__What the exercise asks__.
Retype only what runs from the first line of the records to the line with "Я встретила здесь", inclusive, and no pictures.

__Input__.

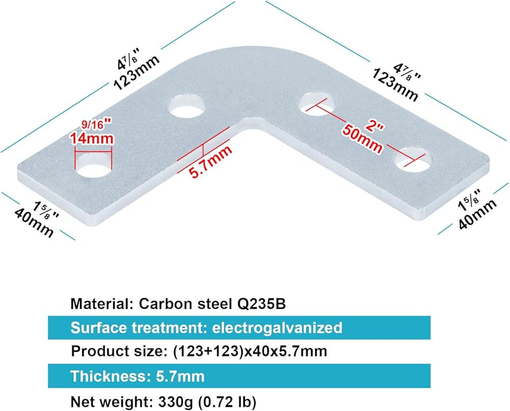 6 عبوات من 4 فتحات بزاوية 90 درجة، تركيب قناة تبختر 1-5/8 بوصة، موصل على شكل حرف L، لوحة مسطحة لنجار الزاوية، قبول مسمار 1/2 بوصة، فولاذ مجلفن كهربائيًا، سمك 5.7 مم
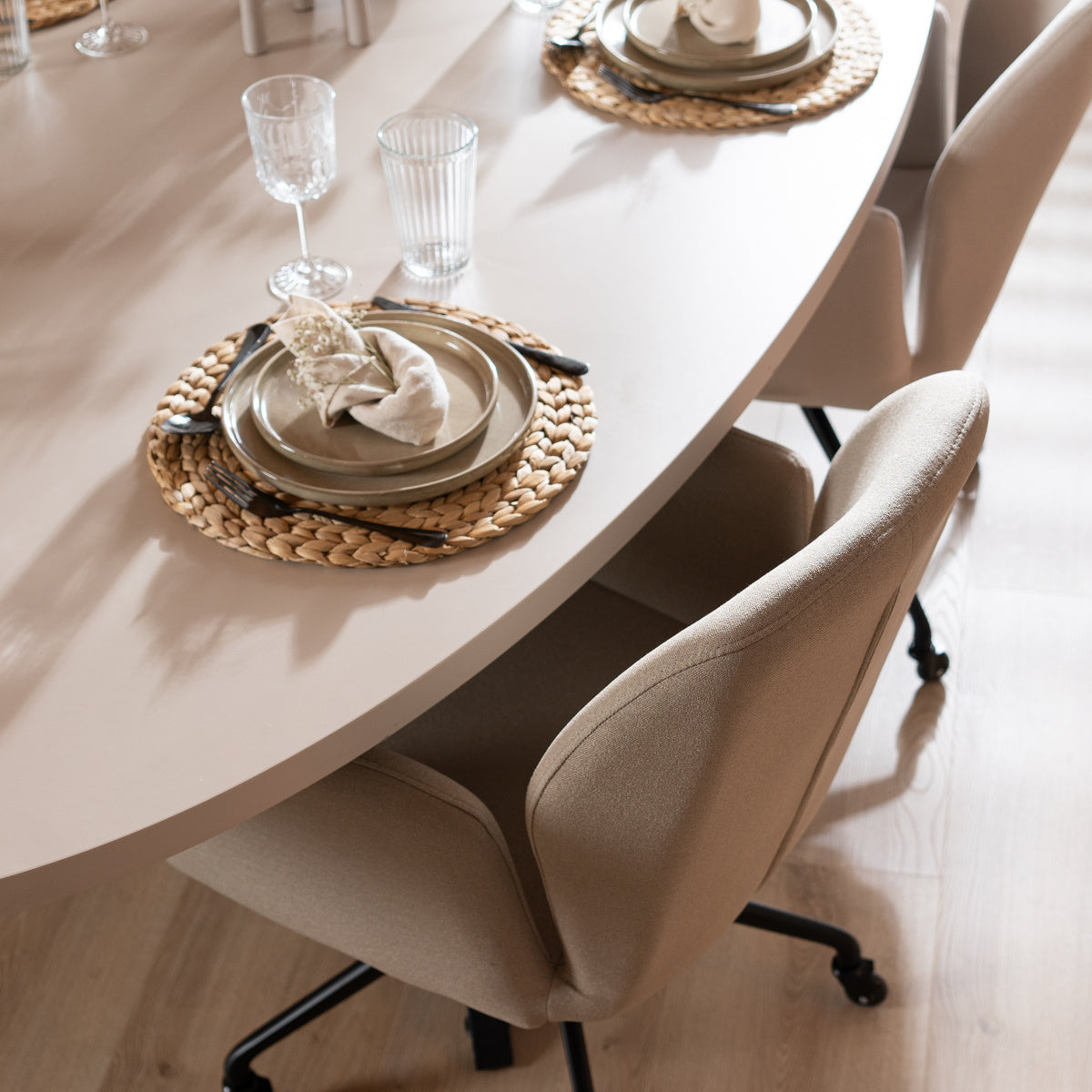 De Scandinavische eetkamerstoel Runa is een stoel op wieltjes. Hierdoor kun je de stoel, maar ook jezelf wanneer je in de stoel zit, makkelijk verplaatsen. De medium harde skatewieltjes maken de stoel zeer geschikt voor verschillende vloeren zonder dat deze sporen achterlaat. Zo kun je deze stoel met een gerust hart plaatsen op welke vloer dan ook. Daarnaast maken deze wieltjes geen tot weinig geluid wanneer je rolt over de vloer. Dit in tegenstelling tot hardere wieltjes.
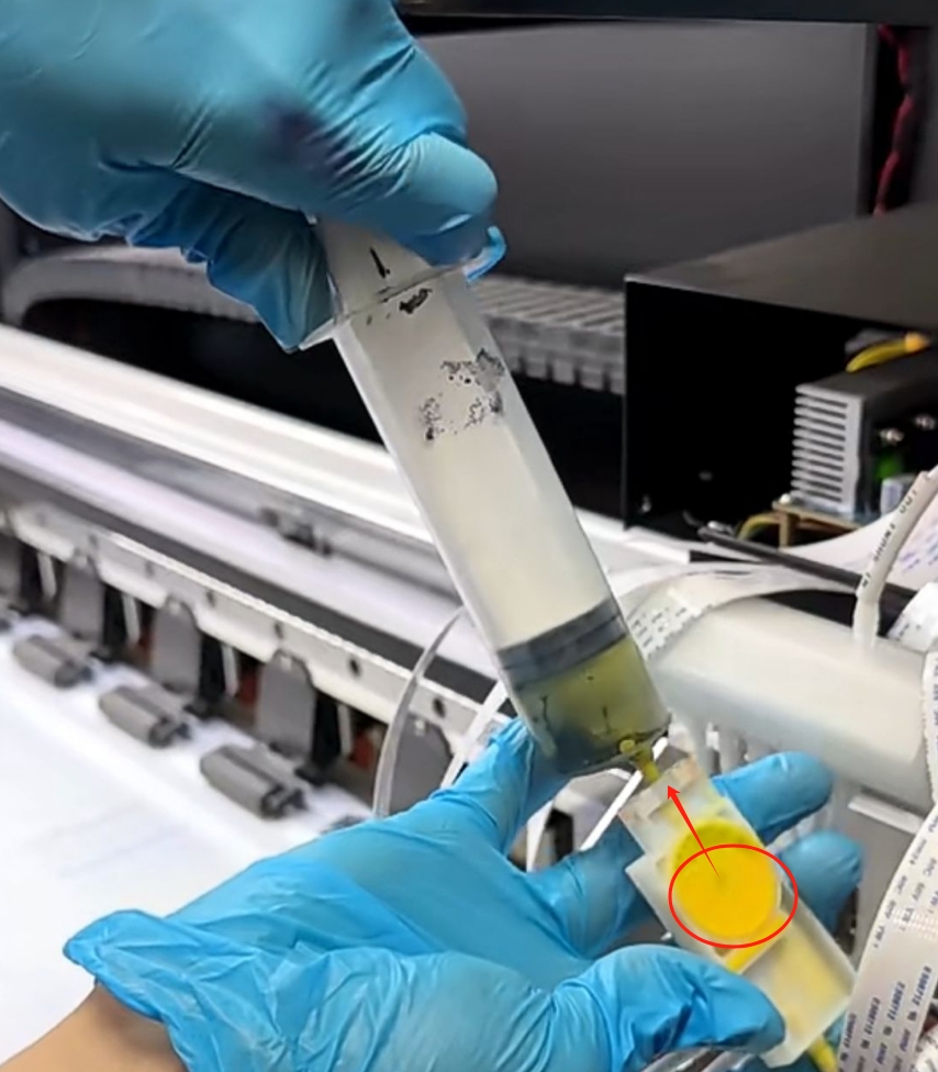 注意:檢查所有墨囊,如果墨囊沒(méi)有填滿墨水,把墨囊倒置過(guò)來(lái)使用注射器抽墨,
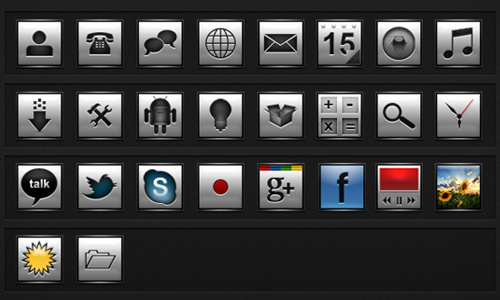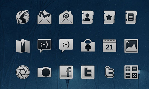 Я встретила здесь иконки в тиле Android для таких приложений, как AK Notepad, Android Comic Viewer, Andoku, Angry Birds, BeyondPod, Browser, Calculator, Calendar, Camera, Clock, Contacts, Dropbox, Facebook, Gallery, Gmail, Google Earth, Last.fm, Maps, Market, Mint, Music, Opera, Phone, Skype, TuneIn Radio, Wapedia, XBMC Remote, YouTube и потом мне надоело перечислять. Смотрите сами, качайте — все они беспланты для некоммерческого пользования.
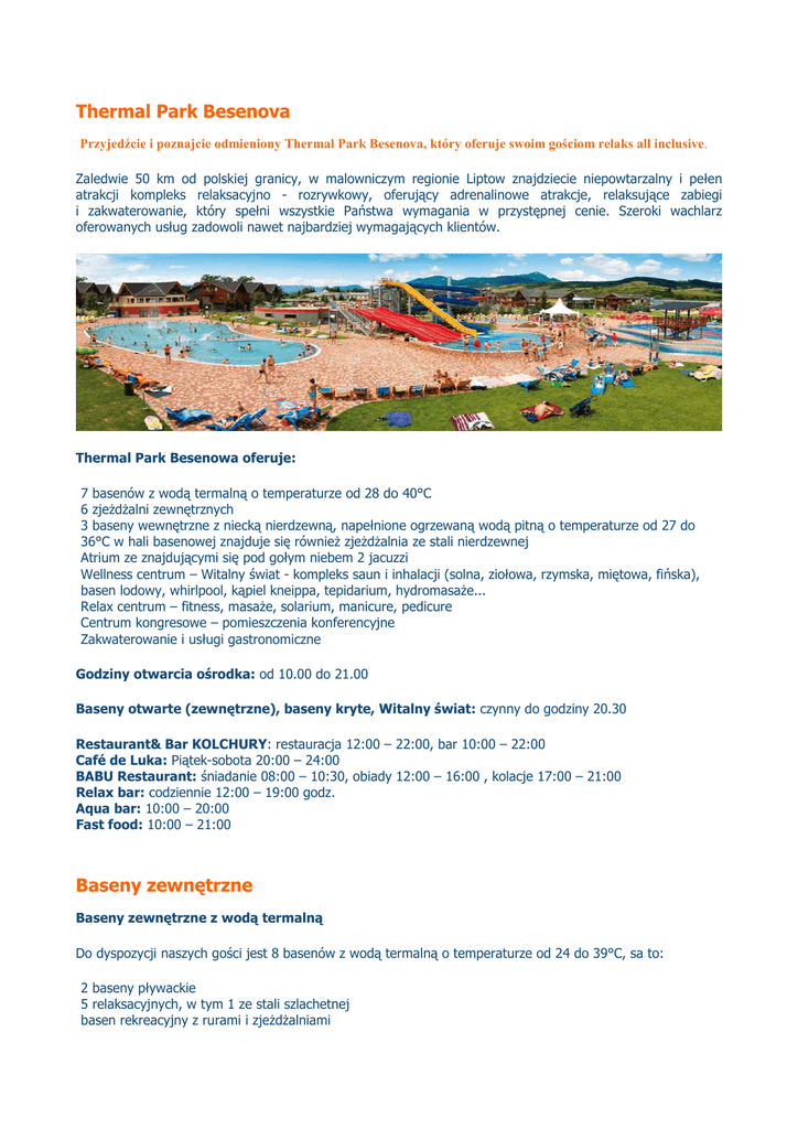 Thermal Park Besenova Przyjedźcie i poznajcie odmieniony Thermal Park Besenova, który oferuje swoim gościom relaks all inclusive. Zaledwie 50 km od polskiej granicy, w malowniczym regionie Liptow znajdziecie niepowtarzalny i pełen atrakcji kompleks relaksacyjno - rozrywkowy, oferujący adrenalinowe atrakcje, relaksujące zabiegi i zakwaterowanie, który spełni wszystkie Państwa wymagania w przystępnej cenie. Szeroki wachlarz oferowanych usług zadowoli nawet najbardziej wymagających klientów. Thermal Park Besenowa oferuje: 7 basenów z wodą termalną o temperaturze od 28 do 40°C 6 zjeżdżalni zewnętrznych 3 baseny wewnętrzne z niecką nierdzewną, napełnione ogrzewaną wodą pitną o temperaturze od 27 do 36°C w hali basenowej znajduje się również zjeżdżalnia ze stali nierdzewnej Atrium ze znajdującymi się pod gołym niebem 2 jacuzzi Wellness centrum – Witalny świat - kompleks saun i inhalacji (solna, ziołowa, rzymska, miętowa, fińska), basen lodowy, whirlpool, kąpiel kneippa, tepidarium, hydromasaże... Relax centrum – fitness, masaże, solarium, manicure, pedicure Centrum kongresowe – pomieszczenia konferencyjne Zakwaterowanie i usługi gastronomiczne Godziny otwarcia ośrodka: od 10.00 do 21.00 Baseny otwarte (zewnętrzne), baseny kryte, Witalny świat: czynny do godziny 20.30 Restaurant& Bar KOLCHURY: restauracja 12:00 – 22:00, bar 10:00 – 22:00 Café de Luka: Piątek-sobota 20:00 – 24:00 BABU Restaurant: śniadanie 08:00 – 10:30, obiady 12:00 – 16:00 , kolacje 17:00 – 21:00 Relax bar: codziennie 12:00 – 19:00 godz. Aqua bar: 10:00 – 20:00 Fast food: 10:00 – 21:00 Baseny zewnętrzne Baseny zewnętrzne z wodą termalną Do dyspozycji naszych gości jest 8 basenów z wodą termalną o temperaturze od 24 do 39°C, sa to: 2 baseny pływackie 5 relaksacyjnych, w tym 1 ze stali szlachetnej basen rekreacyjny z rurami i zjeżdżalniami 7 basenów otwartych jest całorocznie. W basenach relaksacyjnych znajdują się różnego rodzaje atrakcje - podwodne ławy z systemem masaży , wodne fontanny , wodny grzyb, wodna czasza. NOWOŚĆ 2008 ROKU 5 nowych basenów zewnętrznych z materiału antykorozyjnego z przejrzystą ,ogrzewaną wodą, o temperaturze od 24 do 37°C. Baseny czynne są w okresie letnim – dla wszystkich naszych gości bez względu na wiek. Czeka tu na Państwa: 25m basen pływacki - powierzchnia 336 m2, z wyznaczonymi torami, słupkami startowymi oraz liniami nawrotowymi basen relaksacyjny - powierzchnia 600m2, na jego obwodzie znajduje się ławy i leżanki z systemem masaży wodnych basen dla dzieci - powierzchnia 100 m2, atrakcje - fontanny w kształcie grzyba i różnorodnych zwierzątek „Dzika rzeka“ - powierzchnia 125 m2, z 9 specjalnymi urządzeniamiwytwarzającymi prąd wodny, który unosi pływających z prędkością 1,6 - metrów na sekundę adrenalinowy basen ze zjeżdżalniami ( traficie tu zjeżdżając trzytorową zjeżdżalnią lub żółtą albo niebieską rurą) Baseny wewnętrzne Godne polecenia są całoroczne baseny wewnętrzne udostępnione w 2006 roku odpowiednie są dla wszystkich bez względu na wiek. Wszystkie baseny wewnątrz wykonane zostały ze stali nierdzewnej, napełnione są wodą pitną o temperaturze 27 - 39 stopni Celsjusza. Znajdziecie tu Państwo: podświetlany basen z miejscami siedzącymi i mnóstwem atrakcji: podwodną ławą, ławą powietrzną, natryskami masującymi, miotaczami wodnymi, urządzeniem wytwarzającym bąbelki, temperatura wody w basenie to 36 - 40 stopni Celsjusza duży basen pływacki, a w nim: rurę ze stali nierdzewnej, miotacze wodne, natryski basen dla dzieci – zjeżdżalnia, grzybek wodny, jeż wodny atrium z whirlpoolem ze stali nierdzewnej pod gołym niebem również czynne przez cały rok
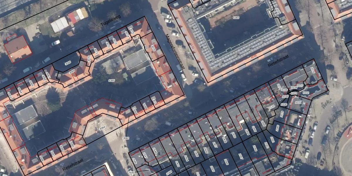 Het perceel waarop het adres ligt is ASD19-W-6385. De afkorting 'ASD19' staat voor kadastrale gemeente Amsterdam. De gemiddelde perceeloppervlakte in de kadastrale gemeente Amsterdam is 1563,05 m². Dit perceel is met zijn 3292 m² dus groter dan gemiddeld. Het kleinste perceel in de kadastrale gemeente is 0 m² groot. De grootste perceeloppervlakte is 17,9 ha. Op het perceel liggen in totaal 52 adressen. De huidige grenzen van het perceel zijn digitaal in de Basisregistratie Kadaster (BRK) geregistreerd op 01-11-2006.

__Result of this exercise__.
 6 عبوات من 4 فتحات بزاوية 90 درجة، تركيب قناة تبختر 1-5/8 بوصة، موصل على شكل حرف L، لوحة مسطحة لنجار الزاوية، قبول مسمار 1/2 بوصة، فولاذ مجلفن كهربائيًا، سمك 5.7 مم
 De Scandinavische eetkamerstoel Runa is een stoel op wieltjes. Hierdoor kun je de stoel, maar ook jezelf wanneer je in de stoel zit, makkelijk verplaatsen. De medium harde skatewieltjes maken de stoel zeer geschikt voor verschillende vloeren zonder dat deze sporen achterlaat. Zo kun je deze stoel met een gerust hart plaatsen op welke vloer dan ook. Daarnaast maken deze wieltjes geen tot weinig geluid wanneer je rolt over de vloer. Dit in tegenstelling tot hardere wieltjes.
 注意:檢查所有墨囊,如果墨囊沒(méi)有填滿墨水,把墨囊倒置過(guò)來(lái)使用注射器抽墨,
 Я встретила здесь иконки в тиле Android для таких приложений, как AK Notepad, Android Comic Viewer, Andoku, Angry Birds, BeyondPod, Browser, Calculator, Calendar, Camera, Clock, Contacts, Dropbox, Facebook, Gallery, Gmail, Google Earth, Last.fm, Maps, Market, Mint, Music, Opera, Phone, Skype, TuneIn Radio, Wapedia, XBMC Remote, YouTube и потом мне надоело перечислять. Смотрите сами, качайте — все они беспланты для некоммерческого пользования.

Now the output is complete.